**EXERCISE DESCRIPTION**
Retype word for word the stretch of entries below from the line that has "İŞTE 6 TEMMUZ" through the line that has "Para iniciar o", and omit the pictures.

**RECORD SET**

┏━━

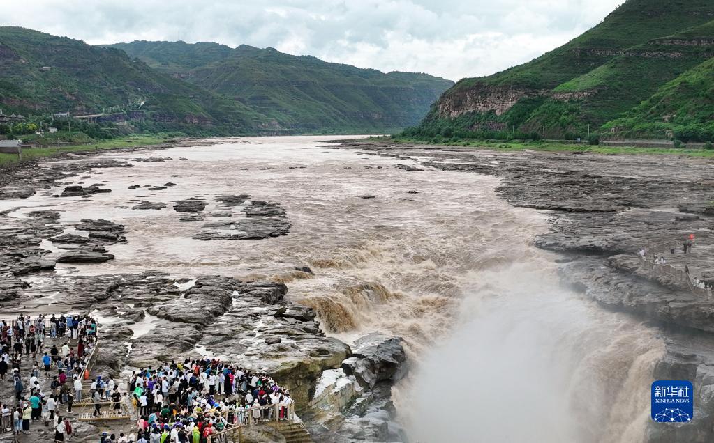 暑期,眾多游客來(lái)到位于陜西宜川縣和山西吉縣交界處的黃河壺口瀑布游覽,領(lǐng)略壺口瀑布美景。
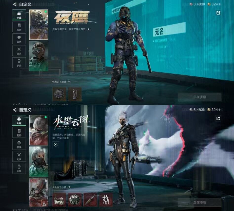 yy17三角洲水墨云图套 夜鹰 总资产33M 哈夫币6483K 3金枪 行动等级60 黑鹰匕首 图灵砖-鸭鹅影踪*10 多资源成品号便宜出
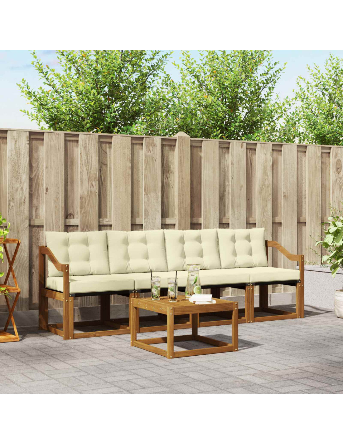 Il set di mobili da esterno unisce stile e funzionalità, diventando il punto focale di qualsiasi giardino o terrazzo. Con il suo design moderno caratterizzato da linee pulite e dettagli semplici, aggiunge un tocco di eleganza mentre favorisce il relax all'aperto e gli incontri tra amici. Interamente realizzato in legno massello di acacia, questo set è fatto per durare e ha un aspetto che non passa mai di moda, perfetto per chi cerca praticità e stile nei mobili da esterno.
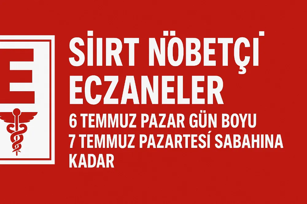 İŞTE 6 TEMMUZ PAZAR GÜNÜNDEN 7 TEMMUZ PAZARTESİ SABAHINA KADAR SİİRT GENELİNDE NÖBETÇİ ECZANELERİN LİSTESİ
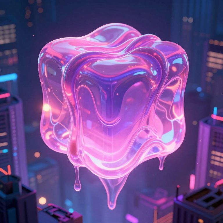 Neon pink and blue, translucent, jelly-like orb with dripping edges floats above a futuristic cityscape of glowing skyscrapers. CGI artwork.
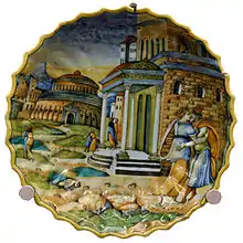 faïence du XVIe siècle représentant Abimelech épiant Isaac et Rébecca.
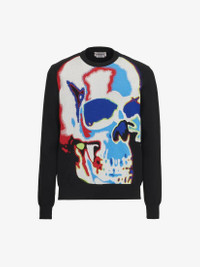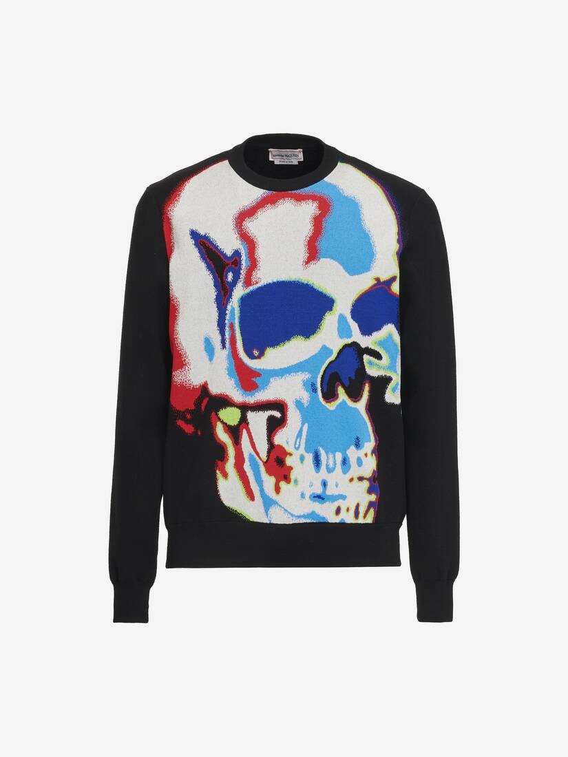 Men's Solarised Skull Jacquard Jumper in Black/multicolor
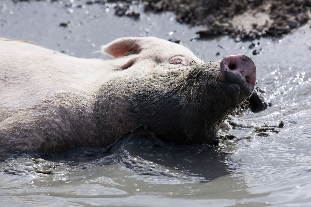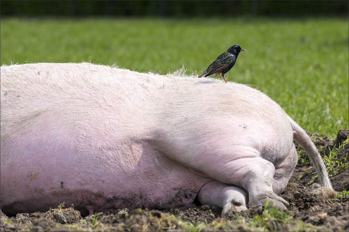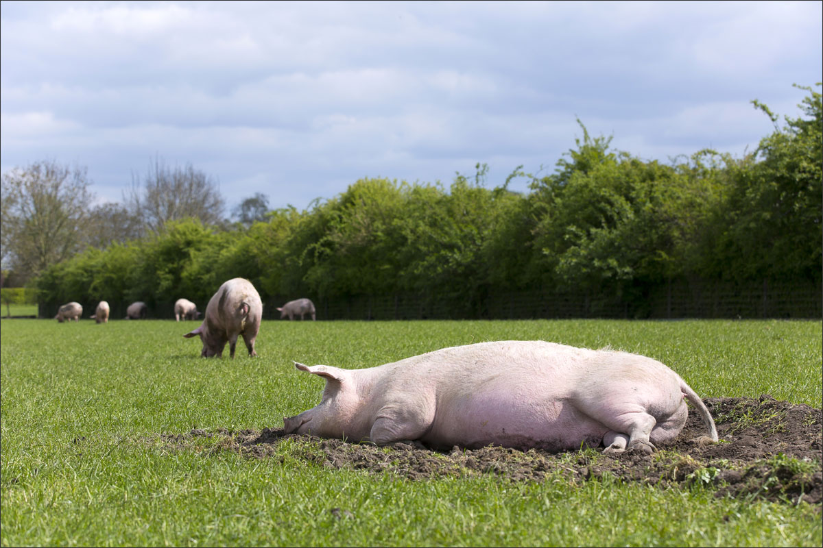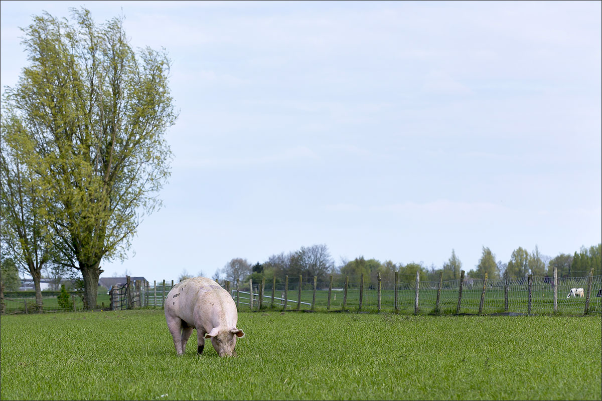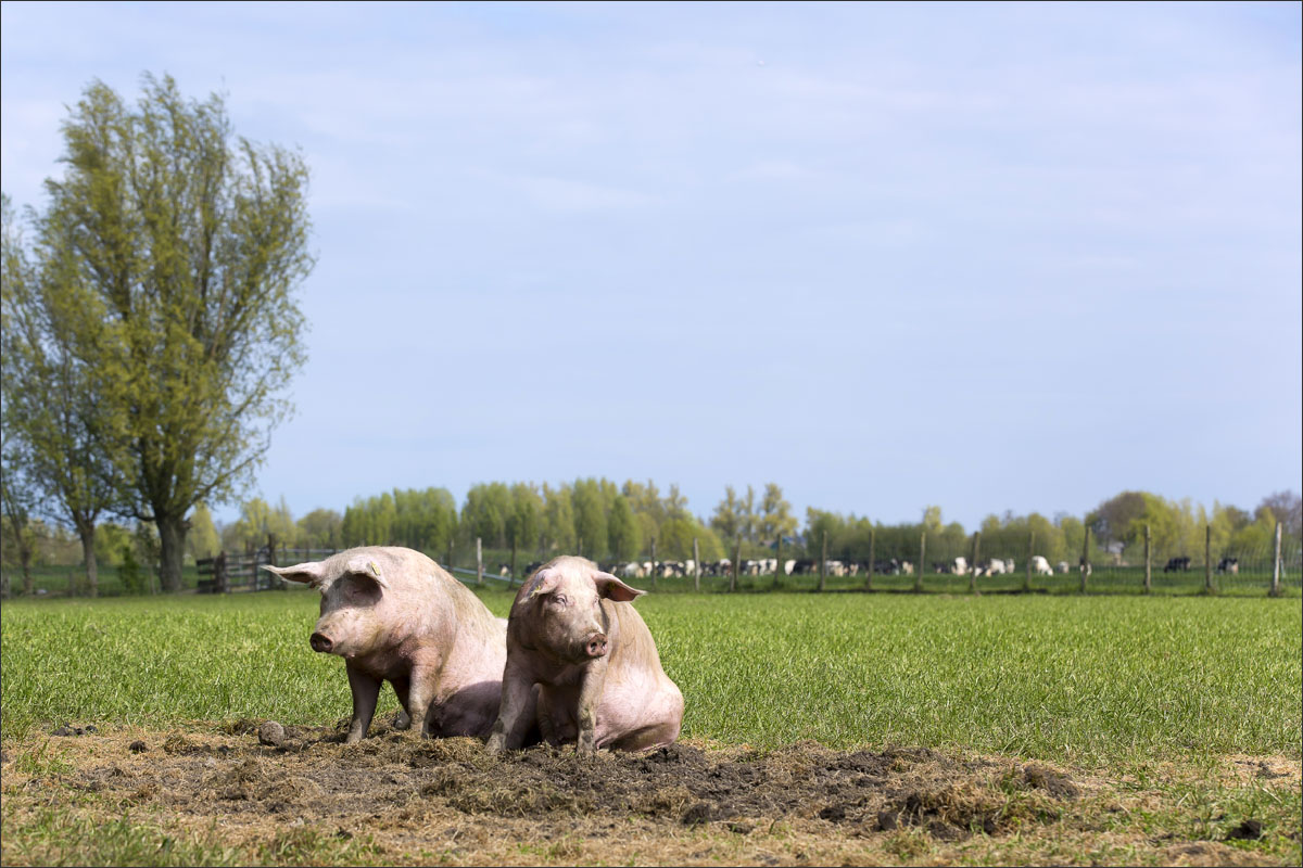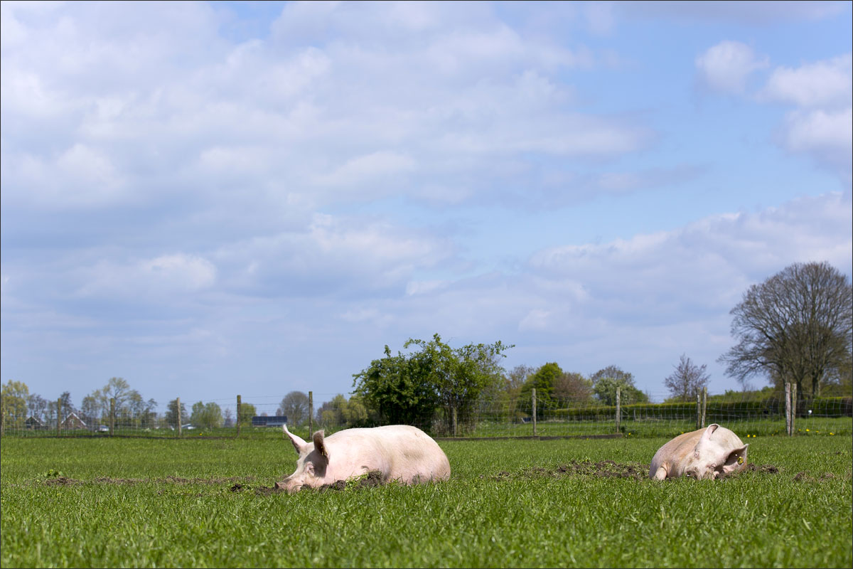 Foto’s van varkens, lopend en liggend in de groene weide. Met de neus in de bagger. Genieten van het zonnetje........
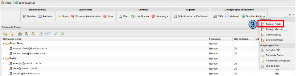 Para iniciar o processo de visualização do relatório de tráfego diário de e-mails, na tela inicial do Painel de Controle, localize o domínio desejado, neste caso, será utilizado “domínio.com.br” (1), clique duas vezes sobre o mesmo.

┗━━
┏━━

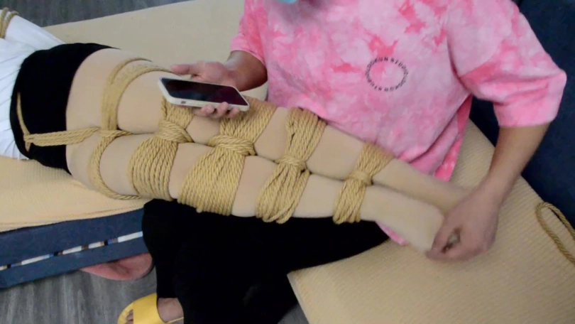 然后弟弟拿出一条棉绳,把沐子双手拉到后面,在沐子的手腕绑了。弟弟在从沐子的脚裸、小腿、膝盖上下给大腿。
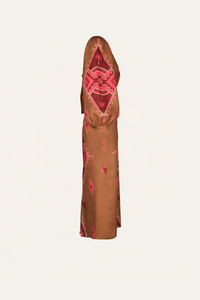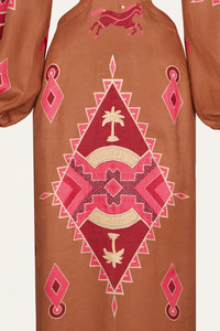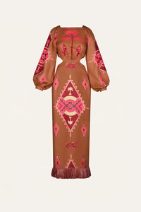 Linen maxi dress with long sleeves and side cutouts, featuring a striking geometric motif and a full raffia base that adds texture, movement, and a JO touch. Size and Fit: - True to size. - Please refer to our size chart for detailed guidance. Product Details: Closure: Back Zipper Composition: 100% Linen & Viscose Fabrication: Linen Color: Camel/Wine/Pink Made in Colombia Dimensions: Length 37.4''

┗━━

**RESPONSE TO THE EXERCISE**
 İŞTE 6 TEMMUZ PAZAR GÜNÜNDEN 7 TEMMUZ PAZARTESİ SABAHINA KADAR SİİRT GENELİNDE NÖBETÇİ ECZANELERİN LİSTESİ
 Neon pink and blue, translucent, jelly-like orb with dripping edges floats above a futuristic cityscape of glowing skyscrapers. CGI artwork.
 faïence du XVIe siècle représentant Abimelech épiant Isaac et Rébecca.
 Men's Solarised Skull Jacquard Jumper in Black/multicolor
 Foto’s van varkens, lopend en liggend in de groene weide. Met de neus in de bagger. Genieten van het zonnetje........
 Para iniciar o processo de visualização do relatório de tráfego diário de e-mails, na tela inicial do Painel de Controle, localize o domínio desejado, neste caso, será utilizado “domínio.com.br” (1), clique duas vezes sobre o mesmo.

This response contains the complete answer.